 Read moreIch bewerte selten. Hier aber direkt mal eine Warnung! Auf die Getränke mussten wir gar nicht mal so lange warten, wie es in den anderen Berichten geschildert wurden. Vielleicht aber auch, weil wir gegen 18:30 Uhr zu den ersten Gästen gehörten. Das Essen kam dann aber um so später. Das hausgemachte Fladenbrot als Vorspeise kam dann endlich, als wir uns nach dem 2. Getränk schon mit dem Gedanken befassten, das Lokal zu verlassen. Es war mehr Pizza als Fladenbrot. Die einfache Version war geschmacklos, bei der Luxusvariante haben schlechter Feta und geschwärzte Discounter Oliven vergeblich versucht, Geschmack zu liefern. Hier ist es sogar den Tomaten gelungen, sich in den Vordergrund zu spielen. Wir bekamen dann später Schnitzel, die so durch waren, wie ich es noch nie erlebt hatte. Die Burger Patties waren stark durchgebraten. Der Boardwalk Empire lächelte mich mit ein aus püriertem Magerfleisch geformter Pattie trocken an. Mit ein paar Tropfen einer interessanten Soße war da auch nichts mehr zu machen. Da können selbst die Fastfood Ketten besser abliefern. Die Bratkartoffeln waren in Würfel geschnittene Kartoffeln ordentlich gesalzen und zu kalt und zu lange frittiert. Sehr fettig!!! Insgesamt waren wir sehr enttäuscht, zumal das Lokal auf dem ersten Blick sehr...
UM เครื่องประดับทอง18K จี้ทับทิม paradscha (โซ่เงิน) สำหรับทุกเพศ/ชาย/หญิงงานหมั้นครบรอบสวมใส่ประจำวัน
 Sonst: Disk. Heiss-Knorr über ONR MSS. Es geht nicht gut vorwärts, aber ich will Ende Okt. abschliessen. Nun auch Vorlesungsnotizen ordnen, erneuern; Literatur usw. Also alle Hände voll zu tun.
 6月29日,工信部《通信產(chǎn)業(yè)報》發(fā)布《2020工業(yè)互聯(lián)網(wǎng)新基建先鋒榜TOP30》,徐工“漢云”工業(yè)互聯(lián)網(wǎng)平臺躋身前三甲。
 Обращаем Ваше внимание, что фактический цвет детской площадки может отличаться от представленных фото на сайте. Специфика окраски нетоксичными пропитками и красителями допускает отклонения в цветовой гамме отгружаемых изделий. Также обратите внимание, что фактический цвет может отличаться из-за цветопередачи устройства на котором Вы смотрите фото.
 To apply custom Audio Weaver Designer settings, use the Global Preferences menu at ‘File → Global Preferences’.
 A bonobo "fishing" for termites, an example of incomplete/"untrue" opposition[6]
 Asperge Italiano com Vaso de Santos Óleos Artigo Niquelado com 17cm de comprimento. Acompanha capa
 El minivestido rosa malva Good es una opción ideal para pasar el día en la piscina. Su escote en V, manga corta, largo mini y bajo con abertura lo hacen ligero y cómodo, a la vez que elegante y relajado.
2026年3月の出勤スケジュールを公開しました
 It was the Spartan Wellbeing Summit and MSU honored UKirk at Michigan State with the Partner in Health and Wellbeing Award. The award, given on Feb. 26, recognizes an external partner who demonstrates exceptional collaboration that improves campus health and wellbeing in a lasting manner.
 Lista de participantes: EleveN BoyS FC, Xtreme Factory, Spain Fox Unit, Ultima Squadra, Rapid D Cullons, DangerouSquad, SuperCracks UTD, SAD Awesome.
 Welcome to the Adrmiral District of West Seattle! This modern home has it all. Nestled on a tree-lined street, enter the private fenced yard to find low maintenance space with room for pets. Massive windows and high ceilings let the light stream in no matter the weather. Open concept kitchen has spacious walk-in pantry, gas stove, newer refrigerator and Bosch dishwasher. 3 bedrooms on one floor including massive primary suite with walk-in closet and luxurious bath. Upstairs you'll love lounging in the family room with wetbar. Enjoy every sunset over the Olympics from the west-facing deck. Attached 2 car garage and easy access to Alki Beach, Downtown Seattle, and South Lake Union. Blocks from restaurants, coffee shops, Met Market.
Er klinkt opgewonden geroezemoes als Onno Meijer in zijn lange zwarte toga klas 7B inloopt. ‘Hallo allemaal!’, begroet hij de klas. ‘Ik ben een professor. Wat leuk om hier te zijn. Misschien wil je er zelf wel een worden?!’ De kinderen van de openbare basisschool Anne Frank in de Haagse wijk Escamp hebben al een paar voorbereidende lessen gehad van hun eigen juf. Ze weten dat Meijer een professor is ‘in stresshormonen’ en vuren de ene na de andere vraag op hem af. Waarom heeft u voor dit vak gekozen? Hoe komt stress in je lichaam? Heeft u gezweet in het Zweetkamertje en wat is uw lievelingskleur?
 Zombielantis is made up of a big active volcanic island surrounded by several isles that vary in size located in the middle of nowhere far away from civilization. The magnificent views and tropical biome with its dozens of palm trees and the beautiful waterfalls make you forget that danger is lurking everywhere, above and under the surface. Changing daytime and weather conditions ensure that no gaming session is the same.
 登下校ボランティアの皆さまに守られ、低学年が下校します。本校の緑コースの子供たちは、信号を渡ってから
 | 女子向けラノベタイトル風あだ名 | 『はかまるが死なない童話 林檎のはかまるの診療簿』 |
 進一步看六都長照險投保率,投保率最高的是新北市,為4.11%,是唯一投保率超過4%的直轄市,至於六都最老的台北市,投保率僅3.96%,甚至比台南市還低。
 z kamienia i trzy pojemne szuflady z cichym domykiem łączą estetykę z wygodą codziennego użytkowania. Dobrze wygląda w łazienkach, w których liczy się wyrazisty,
○ ○ ○ ○
[WHAT TO WORK ON]
Within the material above, extract exactly the lines that start at the line containing "To apply custom" and stop after the line containing "Lista de participantes: EleveN", and only those.

[OUTPUT FOR THIS EXERCISE]
 To apply custom Audio Weaver Designer settings, use the Global Preferences menu at ‘File → Global Preferences’.
 A bonobo "fishing" for termites, an example of incomplete/"untrue" opposition[6]
 Asperge Italiano com Vaso de Santos Óleos Artigo Niquelado com 17cm de comprimento. Acompanha capa
 El minivestido rosa malva Good es una opción ideal para pasar el día en la piscina. Su escote en V, manga corta, largo mini y bajo con abertura lo hacen ligero y cómodo, a la vez que elegante y relajado.
2026年3月の出勤スケジュールを公開しました
 It was the Spartan Wellbeing Summit and MSU honored UKirk at Michigan State with the Partner in Health and Wellbeing Award. The award, given on Feb. 26, recognizes an external partner who demonstrates exceptional collaboration that improves campus health and wellbeing in a lasting manner.
 Lista de participantes: EleveN BoyS FC, Xtreme Factory, Spain Fox Unit, Ultima Squadra, Rapid D Cullons, DangerouSquad, SuperCracks UTD, SAD Awesome.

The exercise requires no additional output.